RoxyRoxyRoxy There's quite a few practical cases where this comes up, and there's a broader sense of "clash" with (at least my) intuitions about how to interact with a search engine.
On a practical point, usually it's an issue where you're doing some kind of "wide-net" or "deep" search. As an example, let's say you want to return every page from the FT that has mentioned sandwich or sandwiches (this isn't totally contrived, I have actually performed this search). site:ft.com ("sandwiches" OR "sandwich" works mostly fine, you get a couple of pages of results and you can adjust with time range operators to walk the entire list. It's a little annoying, since in this case you know you are mostly getting signal - and most else can be resolved with -site:markets.ft.com or whatever - so the noise-reducing function of limiting search pages just gets in your way, but not a huge deal, you don't lose anything you want and you can be reasonably thorough in making sure of that.
We can then consider searches like site:ft.com "small caged mammal" OR "smallcagedmammalness" -site:markets.ft.com and it seems like it works again, not meaningfully worse than another search engine. I am pretty sure all the relevant results are in the first two pages, even, which is certainly better than I'd expect elsewhere. But, unlike other popular search engines, I can't look ahead, see if there are any remaining relevant results or if it's just junk that makes it past the filter with e.g. the title of an article in a sidebar. I also can't as easily loosen the search, drop the quotes and see if there's any other string that might be used to refer to the same concept of "small caged mammal". Sure, I should expect that doing so would involve wading through a bit of trash, but I might reasonably want to make that tradeoff and continually evaluate how much more time I think is worthwhile to invest in searching as I go.
You could certainly do so by repeatedly thinking-up and appending other terms to include or exclude, or through the moving time window as before, but this is pretty much the same kind of drudgery, only a bit more labour-intensive.
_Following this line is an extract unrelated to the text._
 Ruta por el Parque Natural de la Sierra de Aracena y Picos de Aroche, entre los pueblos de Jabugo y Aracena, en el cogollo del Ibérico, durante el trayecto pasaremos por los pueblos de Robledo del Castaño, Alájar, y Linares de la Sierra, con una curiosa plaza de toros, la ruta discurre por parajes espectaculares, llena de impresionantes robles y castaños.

It gets worse the more terms you add to the query, each of those potentially coming with multiple forms itself.
For my example it's not too bad, but for anything more substantial I think you can see how it could get extremely unwieldy. Imagine trying to search for other discussions of the concept outside the FT or the ONS, especially in reference to their usage, or about analogous topics in other national statistical authorities. Using specific quotes obliges you to invest a lot of time and creative mental energy to cover your bases, while dropping them makes it easier for bad results to push out the good. Lenses mitigate this, substantially in some cases, but take up-front time to create and have their own limitations.
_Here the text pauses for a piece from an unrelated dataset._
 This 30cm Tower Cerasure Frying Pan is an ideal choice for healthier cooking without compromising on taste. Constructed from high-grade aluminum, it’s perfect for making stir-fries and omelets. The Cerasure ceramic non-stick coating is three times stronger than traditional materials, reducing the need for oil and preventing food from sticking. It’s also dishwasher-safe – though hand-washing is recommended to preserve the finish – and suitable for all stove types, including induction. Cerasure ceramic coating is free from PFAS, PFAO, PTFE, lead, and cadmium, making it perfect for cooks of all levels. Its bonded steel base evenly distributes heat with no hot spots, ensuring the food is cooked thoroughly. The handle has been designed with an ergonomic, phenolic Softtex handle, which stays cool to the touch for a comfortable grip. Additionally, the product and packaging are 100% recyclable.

(As a note, this is a huge issue when searching for research, at least on statistical methodologies and applications, because there you have a huge variety in the number of ways substantially similar concepts can be phrased and a wide-net search is always going to return a lot of "close but no cigar"-type results.)
Which leads to the clash with my intuitions on search engines. When we use queries to refine searches, I see it as about tuning the signal-to-noise ratio, accepting that I often won't have a perfect query that returns only what I want while also excluding only what I don't want. If in doubt, having the option to cast a wide net and then skim through pages of results to find the handful that are what I was actually looking for is a good fallback, I can choose to increase my false positive rate to decrease my false negatives (as a proportion of results actually surfaced). If I have only a query to use as a method of adjusting the type I/type II errors ratio, the time and effort input to get "excellent results" can be dramatically larger than in the case where I can simply sample more of the results.
There's another point about how the lack of observability of results beyond the two-page horizon makes it harder to know how to refine a query, but the thrust of my argument is that the current limit on results is of a kind with skimming pages of mostly-garbage. The mitigations (lenses, less slop) make Kagi better in many cases, but there's a big tail of searches where it can be painful to try and use.
I apologise for how the length of this post and the , I wanted to demonstrate how friction arises - for me - even in simple, constrained cases, and how things start to blow up and become unwieldy. I have thought quite a lot about this, because to me it is, by far, the biggest issue I currently have with Kagi (~40% to ~50% of my searches, and about 75% of my research-ish queries, are still with Google because of this).